--- Work instructions ---
Transcribe only the lines of the listing below from the one holding "HAWAII’S GOT STINGERS" through the one holding "Alquilo o vendo", inclusive, without any change.

--- Available data ---

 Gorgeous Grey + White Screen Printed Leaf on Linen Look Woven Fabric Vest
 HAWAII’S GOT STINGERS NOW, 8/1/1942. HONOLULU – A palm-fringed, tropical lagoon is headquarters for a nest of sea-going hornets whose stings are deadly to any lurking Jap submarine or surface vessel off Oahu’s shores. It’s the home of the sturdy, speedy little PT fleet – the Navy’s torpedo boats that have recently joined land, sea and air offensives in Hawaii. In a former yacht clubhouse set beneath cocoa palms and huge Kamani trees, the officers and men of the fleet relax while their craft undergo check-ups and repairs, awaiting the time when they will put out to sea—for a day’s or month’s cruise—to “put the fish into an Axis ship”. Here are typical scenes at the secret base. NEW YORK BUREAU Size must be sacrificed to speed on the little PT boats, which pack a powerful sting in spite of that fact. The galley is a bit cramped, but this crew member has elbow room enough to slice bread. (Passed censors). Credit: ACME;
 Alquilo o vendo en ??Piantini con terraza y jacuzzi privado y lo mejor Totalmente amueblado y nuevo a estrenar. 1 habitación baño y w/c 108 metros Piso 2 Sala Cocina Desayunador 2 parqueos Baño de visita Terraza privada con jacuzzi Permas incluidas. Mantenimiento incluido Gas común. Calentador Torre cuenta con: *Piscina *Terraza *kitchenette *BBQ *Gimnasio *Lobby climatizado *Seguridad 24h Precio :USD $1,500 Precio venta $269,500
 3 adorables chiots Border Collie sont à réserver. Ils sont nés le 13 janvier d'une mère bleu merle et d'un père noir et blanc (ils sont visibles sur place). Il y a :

--

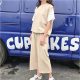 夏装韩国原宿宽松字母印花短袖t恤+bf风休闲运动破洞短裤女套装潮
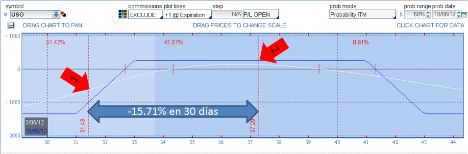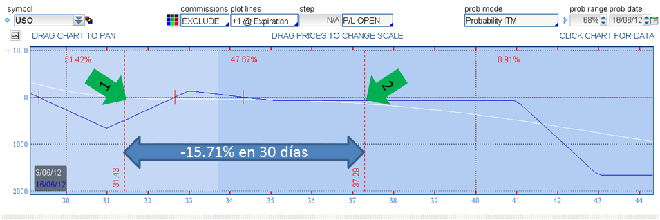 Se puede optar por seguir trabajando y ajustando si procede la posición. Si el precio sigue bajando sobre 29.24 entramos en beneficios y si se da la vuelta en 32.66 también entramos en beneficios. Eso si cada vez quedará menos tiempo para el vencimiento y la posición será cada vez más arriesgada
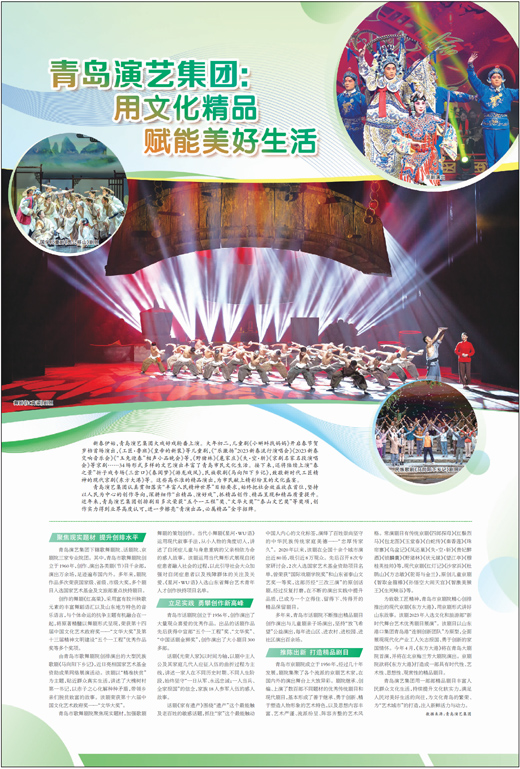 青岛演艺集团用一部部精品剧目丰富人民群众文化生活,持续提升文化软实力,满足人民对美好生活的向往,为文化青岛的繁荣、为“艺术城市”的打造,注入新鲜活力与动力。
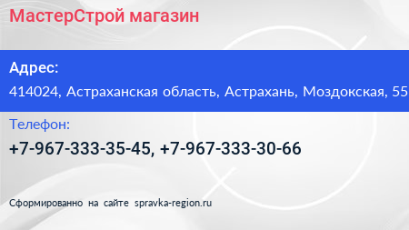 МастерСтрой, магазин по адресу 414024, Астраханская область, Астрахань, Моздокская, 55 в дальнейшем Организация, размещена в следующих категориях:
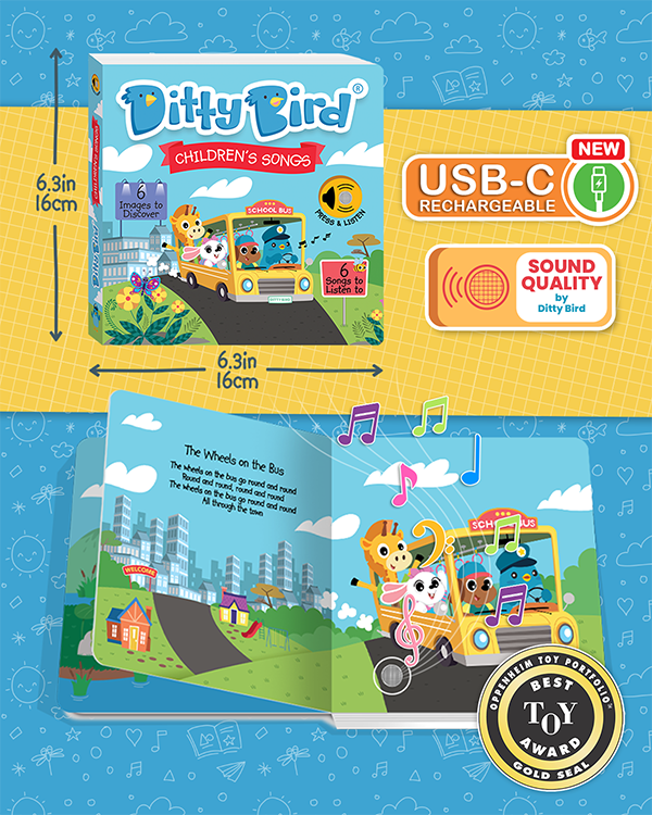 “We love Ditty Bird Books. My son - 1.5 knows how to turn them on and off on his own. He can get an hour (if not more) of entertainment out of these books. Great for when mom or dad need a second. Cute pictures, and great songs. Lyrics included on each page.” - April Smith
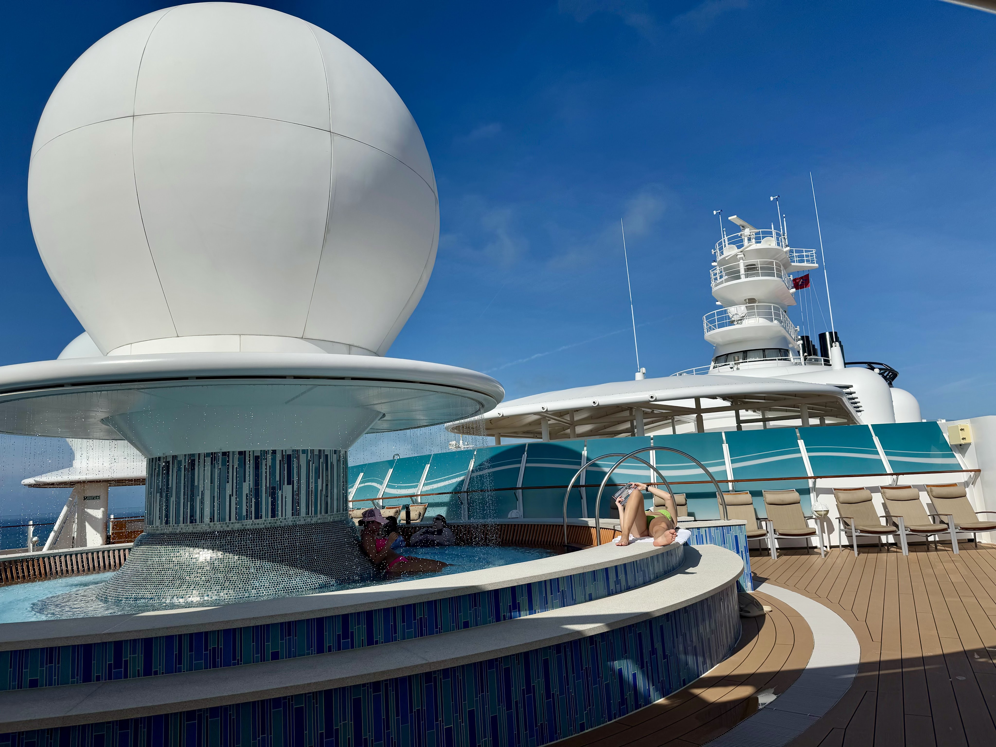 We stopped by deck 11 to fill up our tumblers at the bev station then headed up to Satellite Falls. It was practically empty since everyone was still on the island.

--- Solution ---
 HAWAII’S GOT STINGERS NOW, 8/1/1942. HONOLULU – A palm-fringed, tropical lagoon is headquarters for a nest of sea-going hornets whose stings are deadly to any lurking Jap submarine or surface vessel off Oahu’s shores. It’s the home of the sturdy, speedy little PT fleet – the Navy’s torpedo boats that have recently joined land, sea and air offensives in Hawaii. In a former yacht clubhouse set beneath cocoa palms and huge Kamani trees, the officers and men of the fleet relax while their craft undergo check-ups and repairs, awaiting the time when they will put out to sea—for a day’s or month’s cruise—to “put the fish into an Axis ship”. Here are typical scenes at the secret base. NEW YORK BUREAU Size must be sacrificed to speed on the little PT boats, which pack a powerful sting in spite of that fact. The galley is a bit cramped, but this crew member has elbow room enough to slice bread. (Passed censors). Credit: ACME;
 Alquilo o vendo en ??Piantini con terraza y jacuzzi privado y lo mejor Totalmente amueblado y nuevo a estrenar. 1 habitación baño y w/c 108 metros Piso 2 Sala Cocina Desayunador 2 parqueos Baño de visita Terraza privada con jacuzzi Permas incluidas. Mantenimiento incluido Gas común. Calentador Torre cuenta con: *Piscina *Terraza *kitchenette *BBQ *Gimnasio *Lobby climatizado *Seguridad 24h Precio :USD $1,500 Precio venta $269,500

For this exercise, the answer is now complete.